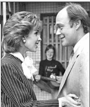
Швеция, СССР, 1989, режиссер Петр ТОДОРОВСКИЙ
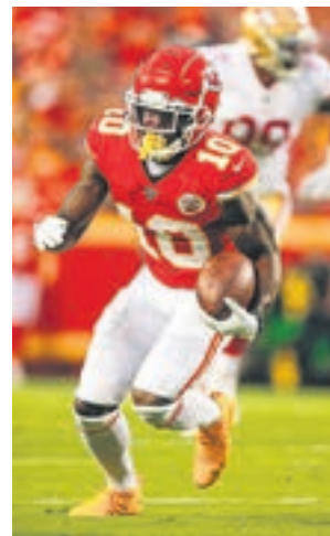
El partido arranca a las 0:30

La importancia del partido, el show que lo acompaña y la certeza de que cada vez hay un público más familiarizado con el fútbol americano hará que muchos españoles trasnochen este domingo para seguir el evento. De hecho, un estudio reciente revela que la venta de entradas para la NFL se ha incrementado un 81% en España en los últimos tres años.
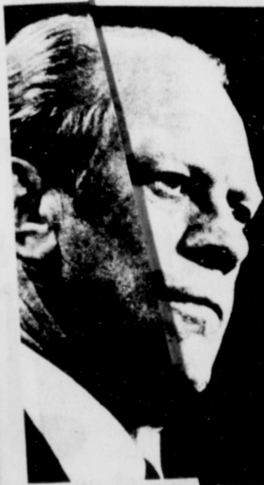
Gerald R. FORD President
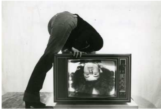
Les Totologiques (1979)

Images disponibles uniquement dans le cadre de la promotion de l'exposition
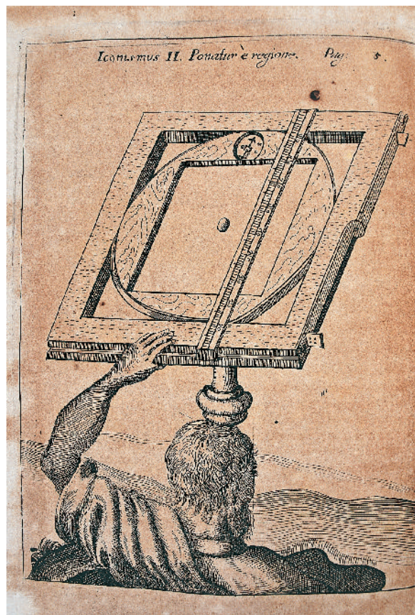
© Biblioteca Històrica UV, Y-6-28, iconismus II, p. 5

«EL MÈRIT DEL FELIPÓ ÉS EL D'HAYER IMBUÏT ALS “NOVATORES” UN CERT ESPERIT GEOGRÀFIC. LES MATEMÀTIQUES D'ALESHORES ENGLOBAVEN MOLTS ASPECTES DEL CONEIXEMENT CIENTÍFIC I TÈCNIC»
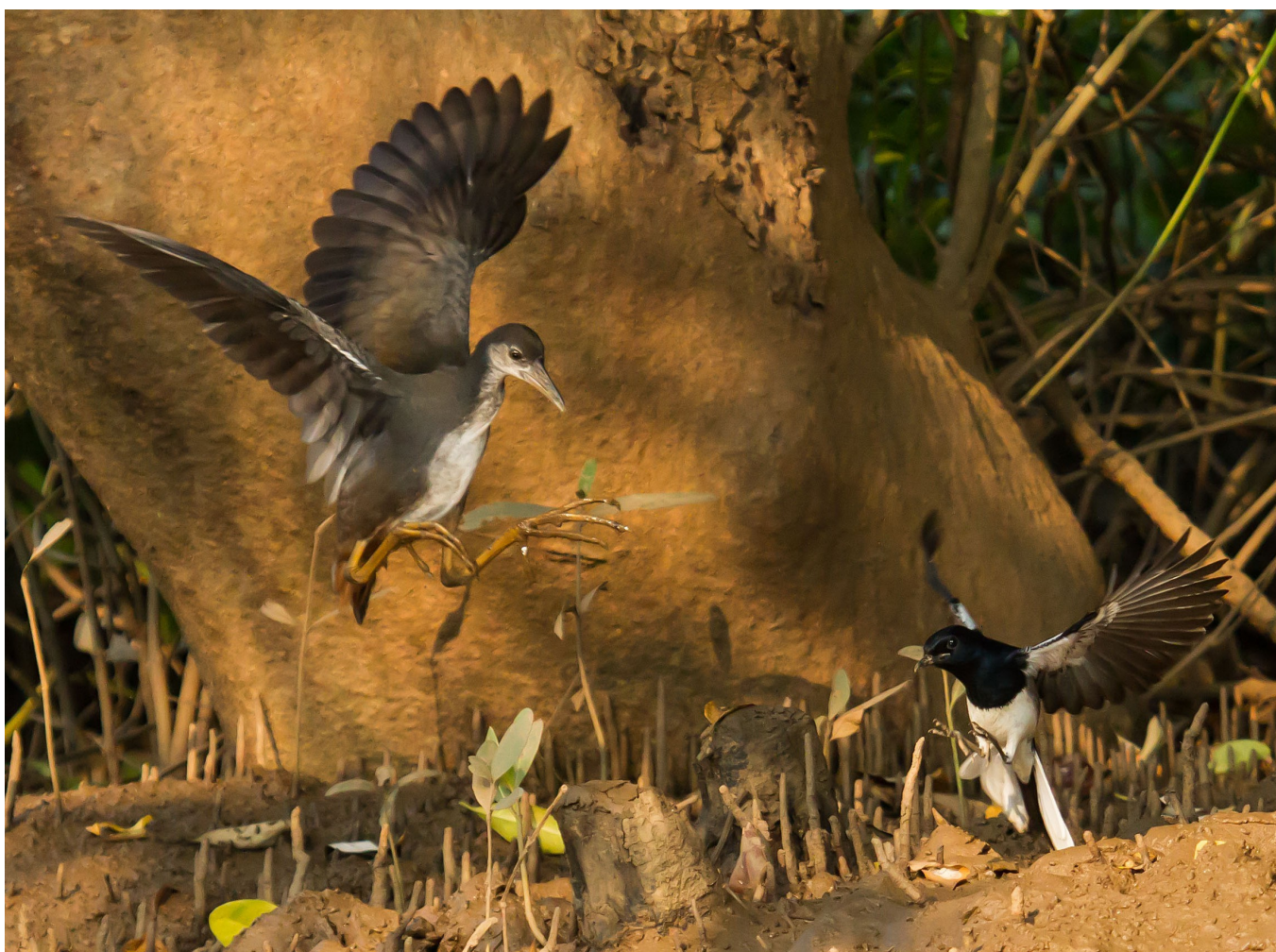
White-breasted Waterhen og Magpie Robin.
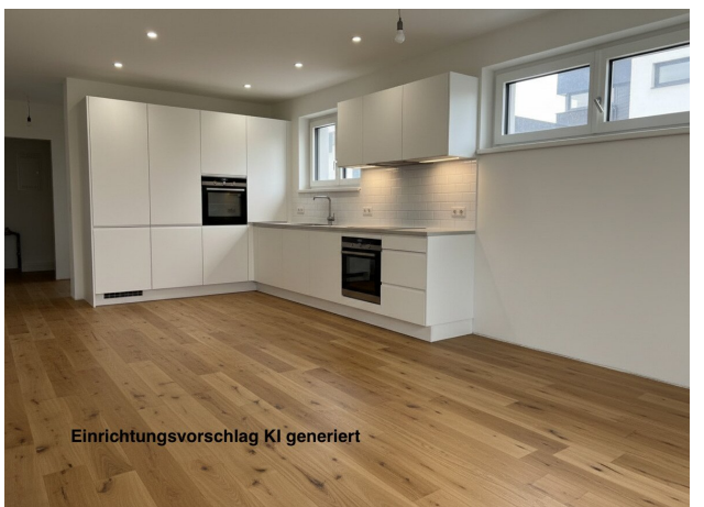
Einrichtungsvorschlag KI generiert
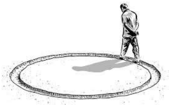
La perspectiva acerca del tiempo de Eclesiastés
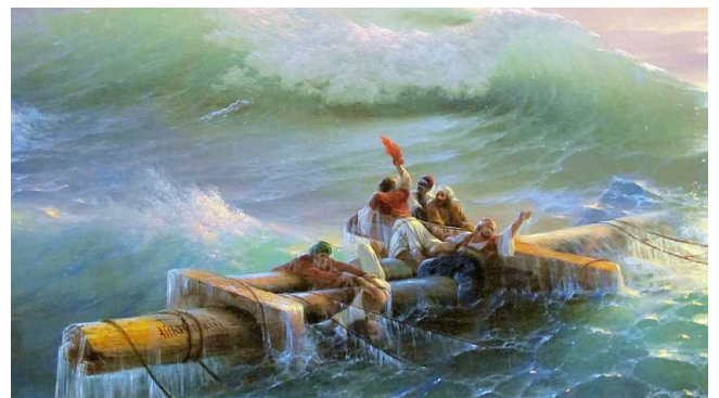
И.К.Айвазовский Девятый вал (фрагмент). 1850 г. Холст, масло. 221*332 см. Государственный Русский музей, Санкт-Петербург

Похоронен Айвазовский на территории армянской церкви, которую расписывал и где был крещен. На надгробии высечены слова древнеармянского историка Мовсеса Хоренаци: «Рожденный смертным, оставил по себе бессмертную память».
* * *
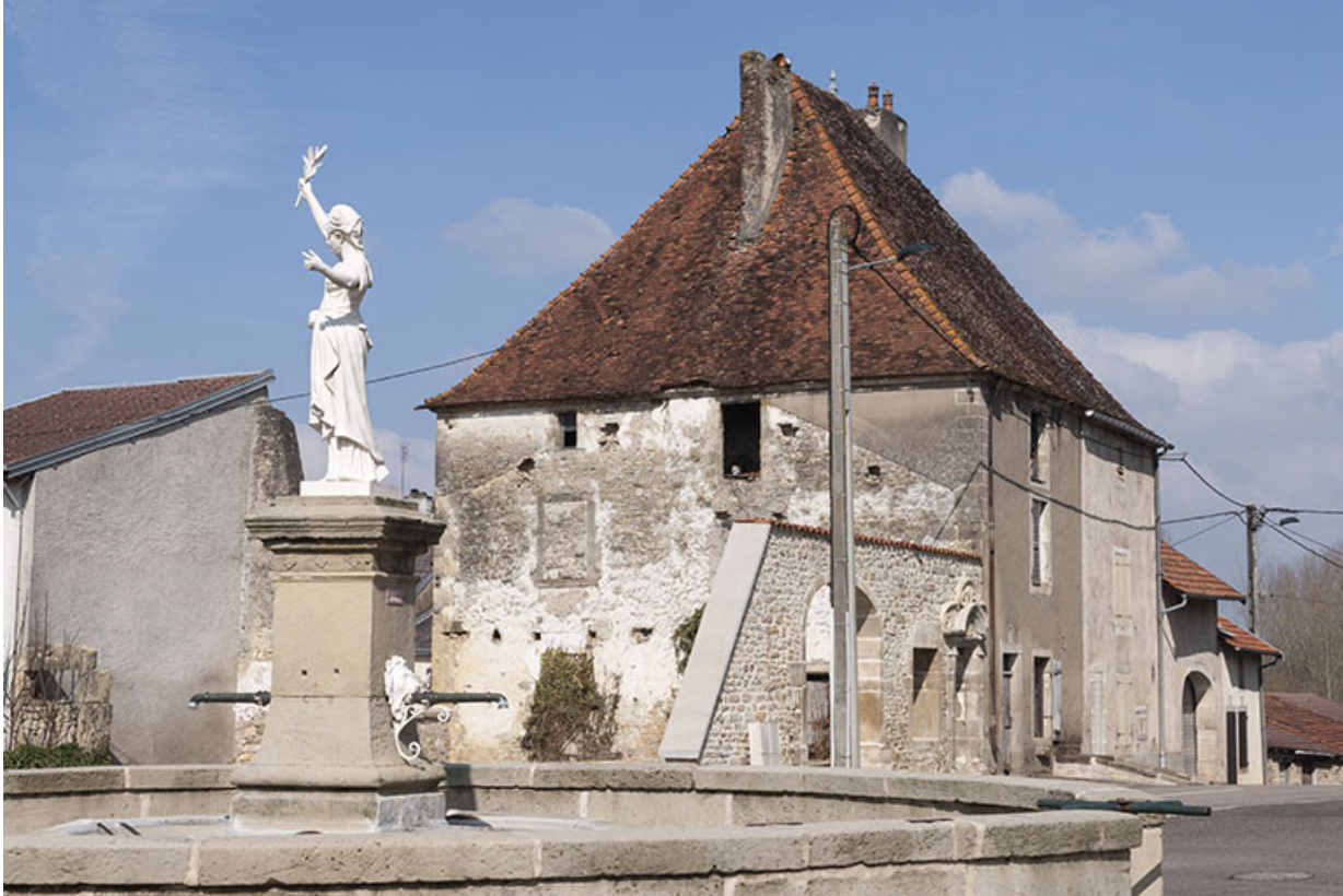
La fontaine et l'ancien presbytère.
...
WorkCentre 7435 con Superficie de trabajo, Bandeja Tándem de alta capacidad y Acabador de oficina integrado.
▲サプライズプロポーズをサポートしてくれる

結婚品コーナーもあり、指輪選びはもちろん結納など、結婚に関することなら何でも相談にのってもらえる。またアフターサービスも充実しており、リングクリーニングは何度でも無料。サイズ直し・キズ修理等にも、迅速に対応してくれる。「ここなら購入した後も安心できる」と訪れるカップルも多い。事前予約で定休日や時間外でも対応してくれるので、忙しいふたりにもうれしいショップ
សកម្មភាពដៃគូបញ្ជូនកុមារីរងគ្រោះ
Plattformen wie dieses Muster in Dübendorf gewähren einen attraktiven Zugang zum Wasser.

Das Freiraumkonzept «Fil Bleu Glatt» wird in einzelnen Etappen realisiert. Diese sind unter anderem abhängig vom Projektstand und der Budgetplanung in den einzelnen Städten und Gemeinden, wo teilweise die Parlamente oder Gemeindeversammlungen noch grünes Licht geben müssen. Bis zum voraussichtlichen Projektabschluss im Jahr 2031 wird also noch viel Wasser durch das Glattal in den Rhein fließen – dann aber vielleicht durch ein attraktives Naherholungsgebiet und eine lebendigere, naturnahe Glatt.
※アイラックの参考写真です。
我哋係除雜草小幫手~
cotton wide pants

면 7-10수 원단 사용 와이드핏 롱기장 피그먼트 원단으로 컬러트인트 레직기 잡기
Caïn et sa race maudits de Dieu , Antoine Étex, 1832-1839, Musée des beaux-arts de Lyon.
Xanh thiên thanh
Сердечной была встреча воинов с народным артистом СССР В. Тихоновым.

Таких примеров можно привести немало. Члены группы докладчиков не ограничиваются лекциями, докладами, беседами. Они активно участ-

* _DIRECTIONS FOR THIS TASK_
Above are some entries; copy exactly the lines from the line with "Швеция, СССР, 1989, режиссер Петр ТОДОРОВСКИЙ" through the line with "La perspectiva acerca", both included, but none of the pictures.

* _SOLVED PROBLEM_
Швеция, СССР, 1989, режиссер Петр ТОДОРОВСКИЙ
El partido arranca a las 0:30

La importancia del partido, el show que lo acompaña y la certeza de que cada vez hay un público más familiarizado con el fútbol americano hará que muchos españoles trasnochen este domingo para seguir el evento. De hecho, un estudio reciente revela que la venta de entradas para la NFL se ha incrementado un 81% en España en los últimos tres años.
Gerald R. FORD President
Les Totologiques (1979)

Images disponibles uniquement dans le cadre de la promotion de l'exposition
© Biblioteca Històrica UV, Y-6-28, iconismus II, p. 5

«EL MÈRIT DEL FELIPÓ ÉS EL D'HAYER IMBUÏT ALS “NOVATORES” UN CERT ESPERIT GEOGRÀFIC. LES MATEMÀTIQUES D'ALESHORES ENGLOBAVEN MOLTS ASPECTES DEL CONEIXEMENT CIENTÍFIC I TÈCNIC»
White-breasted Waterhen og Magpie Robin.
Einrichtungsvorschlag KI generiert
La perspectiva acerca del tiempo de Eclesiastés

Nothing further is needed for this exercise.